The task:
For the records below, output word for word the lines from the one with "S trojitým displejom" up to and including the one with "Essendo dal solitario". No pictures.

Items from a data source:
========================

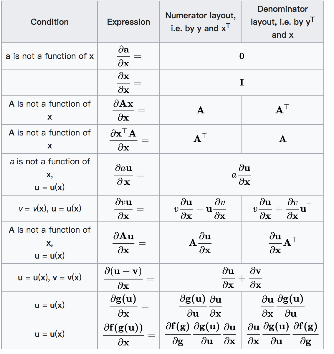 参考链接:https://en.wikipedia.org/wiki/Matrix_calculus#Scalar-by-vector_identities
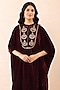 Featuring a wine kaftan in velvet base with gold dori, sequins and pearl work. It is paired with pants. Accentuate it with antique gold statement earrings and embroidered juttis for a refined ensemble, ideal for festive celebrations, intimate wedding functions or elegant evening gatherings.
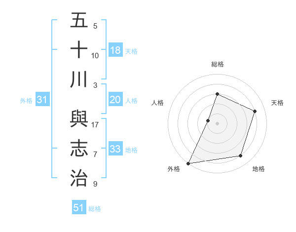 五十川 與志治さんを姓名の画数から五運を鑑定
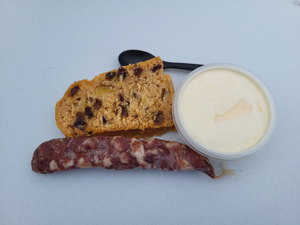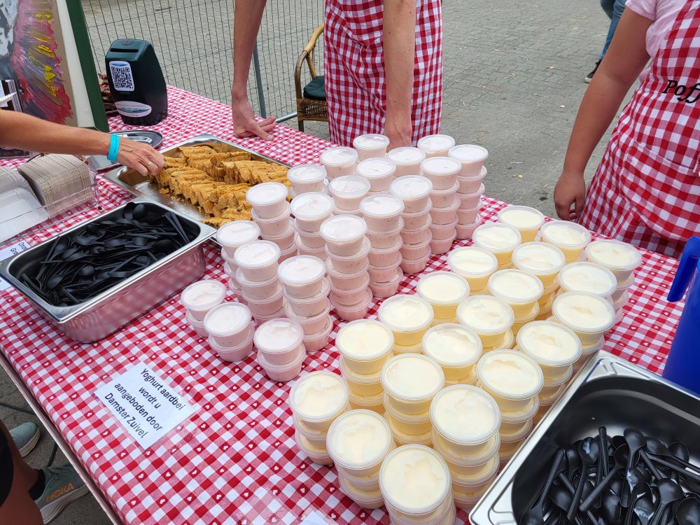 Vruchtenyoghurt, poffert en metworst.
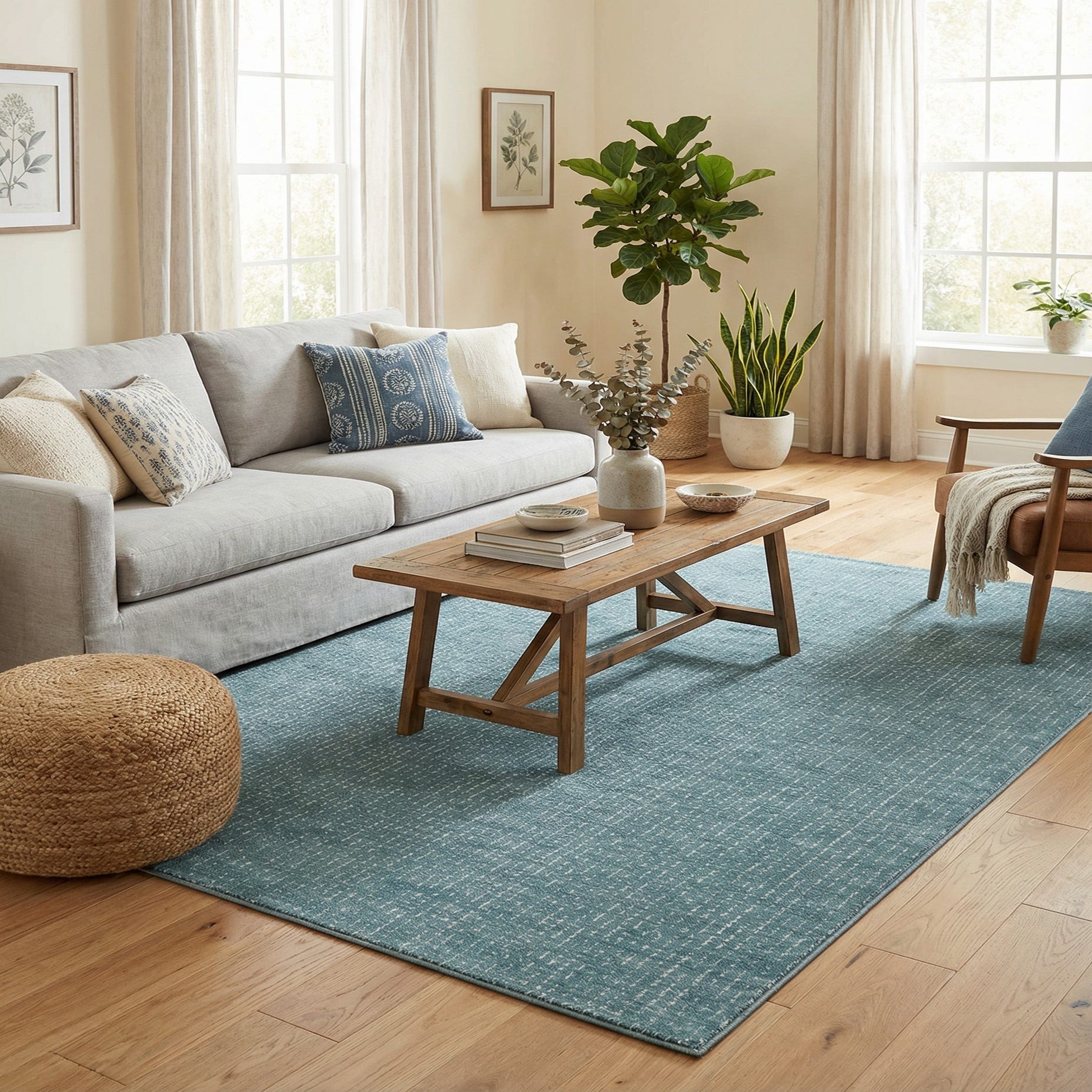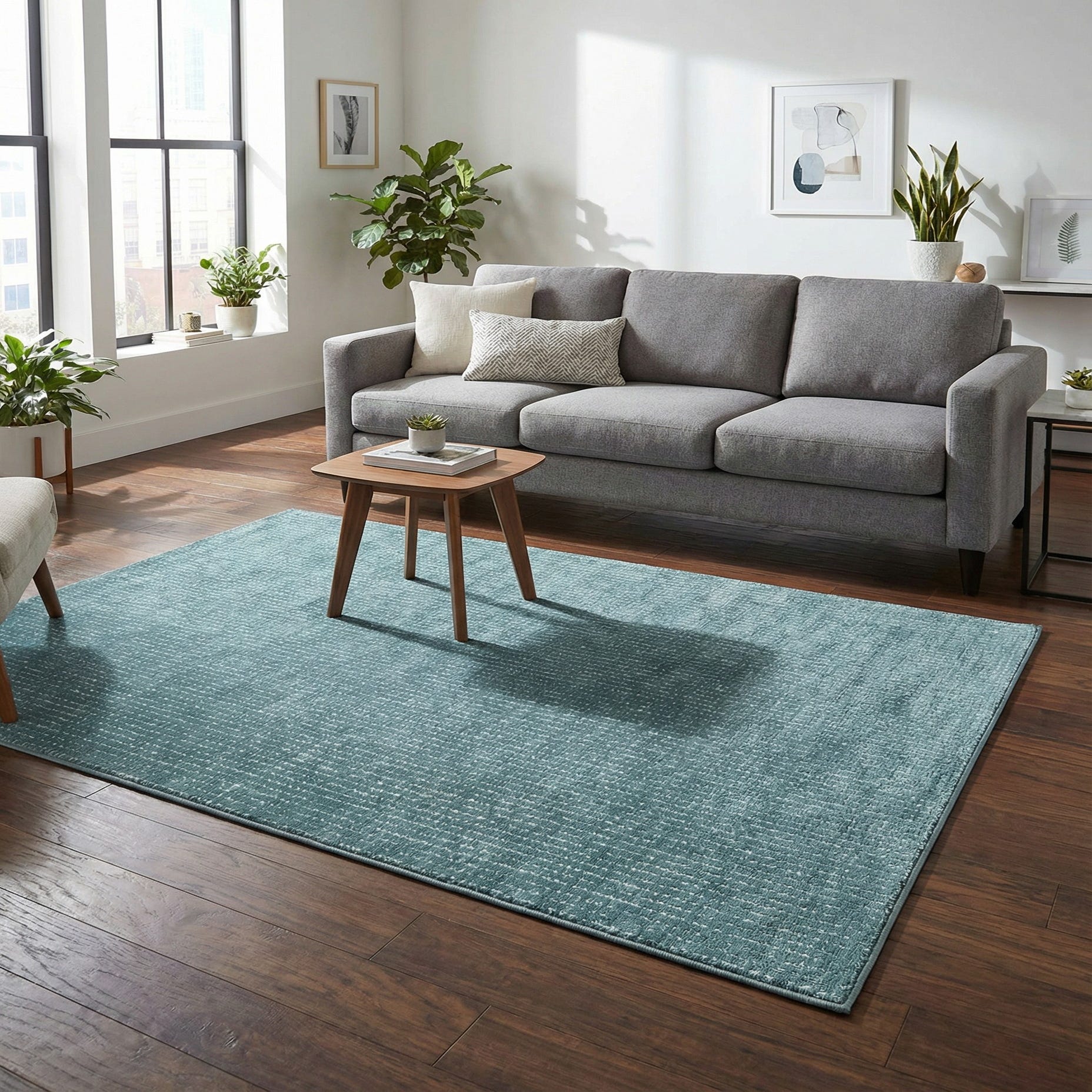 This rug works well in a coastal or contemporary living room, layered beneath a small seating area, or placed at the foot of a bed to add color and softness. It pairs easily with natural wood tones, light-grain oak furniture, and linen or neutral upholstery for a balanced, tranquil palette, and it will also complement crisp white cabinetry or matte black accents in a home office or entryway. The restrained pattern and tactile chenille surface make it a good choice for spaces where you want subtle interest without overpowering other elements.
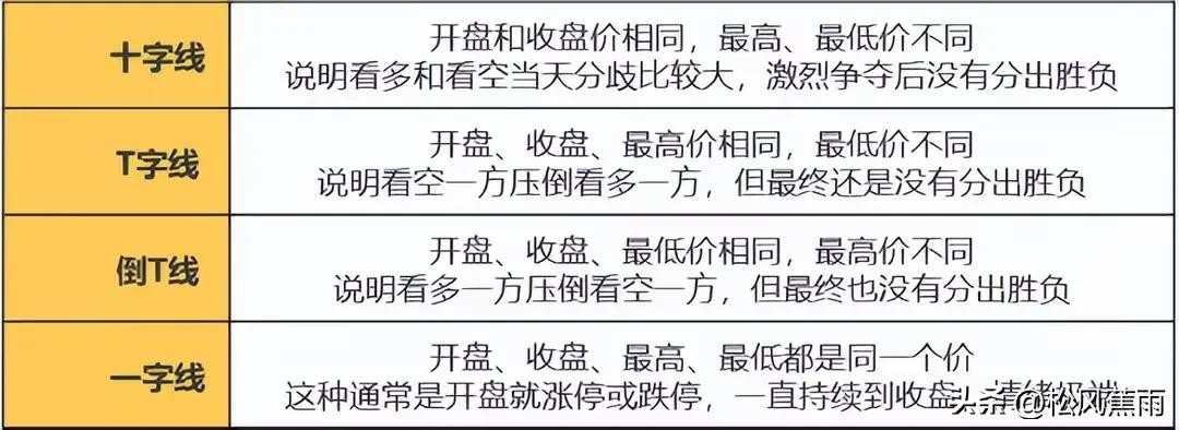 T字线,其开盘价、收盘价、最高价相同或基本相同,实体为“一”字,K线上只留下影线,如果有上影线也是很短很短。因形态很像英文字母“T”,故被称为T字线。
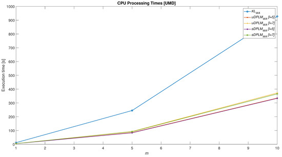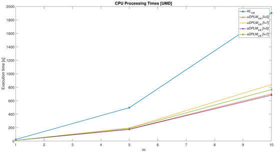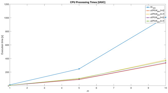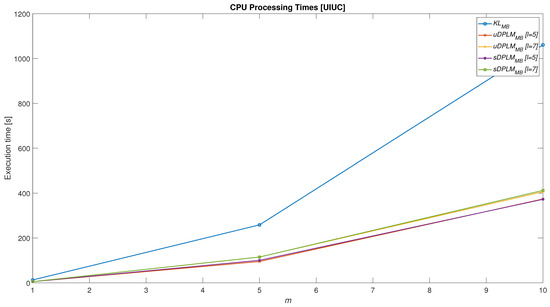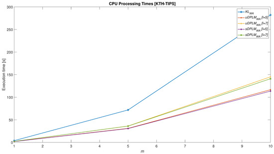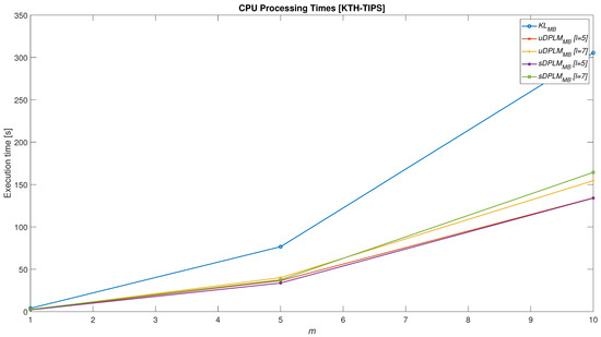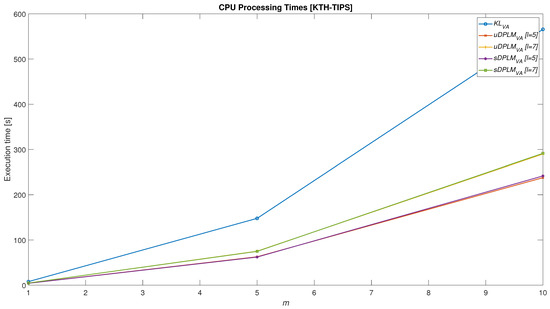 In Figure 2, Figure 3 and Figure 4, CPU processing times during the test phase are presented for the proposed DPLM-based and baseline KL-based algorithms ( vs. vs. , and vs. , for the UIUC database. Note that the CPU times include not only the given measures but the whole testing procedure, i.e., they also comprise the final voting, meaning that the results would otherwise be even more in favor of the proposed DPLM-based algorithms vs. the KL-based algorithms. In Figure 5, Figure 6 and Figure 7, the same results are presented for the experiments conducted using the KTH-TIPS database. The results of experiments conducted using the UMD database are presented in Figure 8, Figure 9 and Figure 10. It can be concluded that the proposed measures provide significantly lower CPU processing times in comparison to all baseline measures due to a significant reduction in the dimensionality of the original feature space.
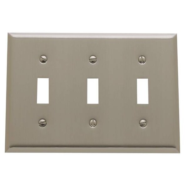 Beveled Edge Triple Toggle Switch Plate, Number of Gangs: 3 Brass, Satin Nickel Finish (Discontinued)
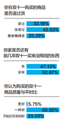在调查中,超过半数的受访者表示为“双十一”购买的商品办理过退货或是想要退货;超三成受访者认为“双十一”买到的商品质量不如平时的。一位受访者在去年“双十一”网购了两双雪地靴,寄到后发现都有瑕疵,但客服表示这是正常现象,如果不满意可以办理退货;另一位受访者在调查中表示,他从某知名品牌网店购进两套睡衣,但均已发霉发黄,商家表示是库存积压所致。
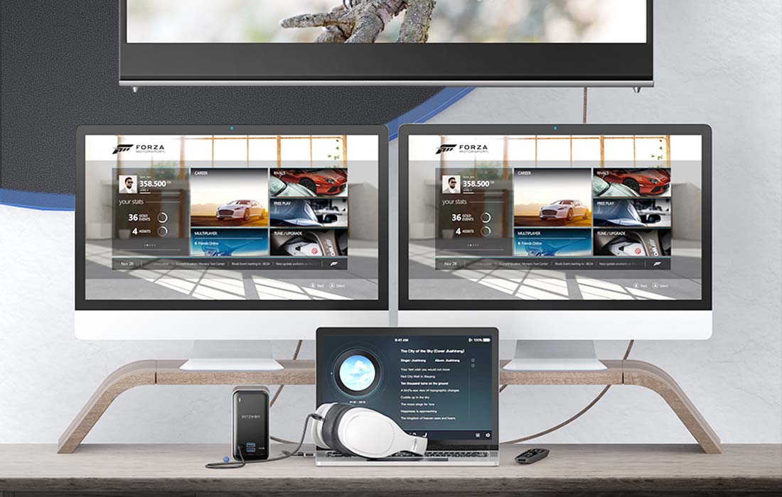 S trojitým displejom si môžete vychutnať krištáľovo čisté a živé farby na obrazovke v kvalite 4K. Pripojte ďalšie dva monitory a súčasne môžete počúvať hudbu a prácu.
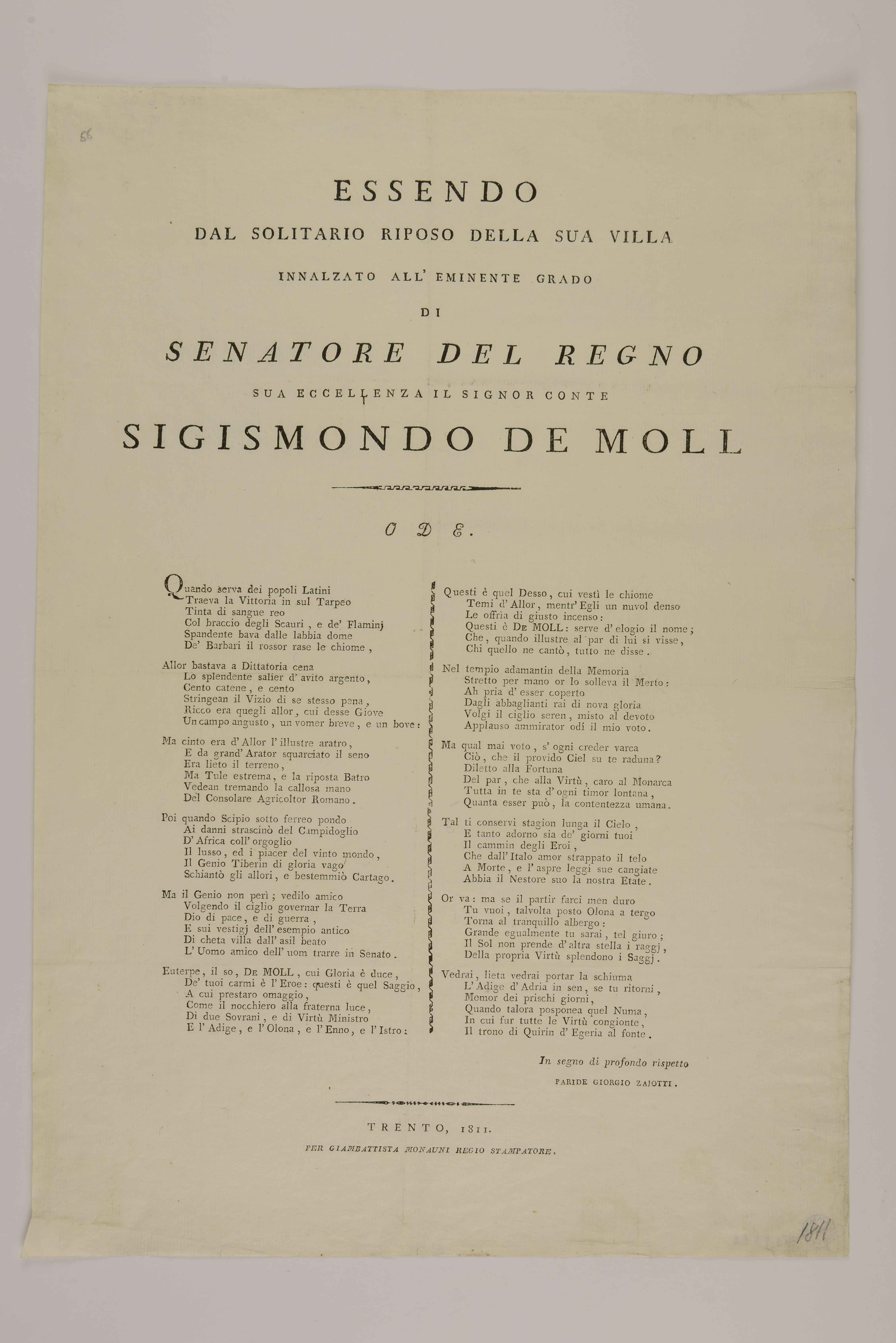 Essendo dal solitario riposo della sua villa innalzato all'eminente grado di...
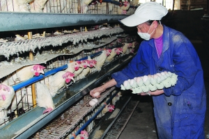 11月21日,龙山县石羔镇正南村羽丰养鸡合作社的工作人员正收集当天的鸡蛋。该合作社自2009年11月成立以来,积极引进新品种、新技术,现已养良种鸡12万羽,成为湘鄂渝边区规模最大的养鸡场。带动了周边群众走上发家致富的康庄大道。
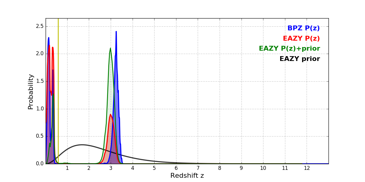 In P(z) plots: Yellow lines mark the cluster redshift z = 0.586,
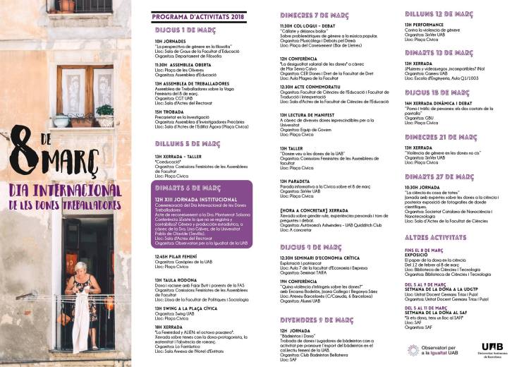 Durant les pròximes setmanes fins al dia 27 de març, el Campus Universitari de la UAB s’omplirà de tot un seguit d’activitats entorn al 8 de març, dia Internacional de la Dona Treballadora. Les activitats han estat proposades per alguns dels col·lectius inscrits a elDirectori i altres entitats de la comunitat universitària.
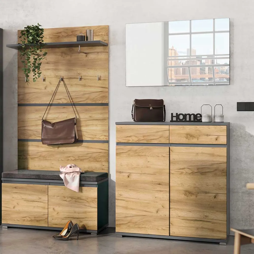 - Stilvolle Garderobenmöbel in Wildeichefarben und Anthrazit

========================

Problem solution:
 S trojitým displejom si môžete vychutnať krištáľovo čisté a živé farby na obrazovke v kvalite 4K. Pripojte ďalšie dva monitory a súčasne môžete počúvať hudbu a prácu.
 Essendo dal solitario riposo della sua villa innalzato all'eminente grado di...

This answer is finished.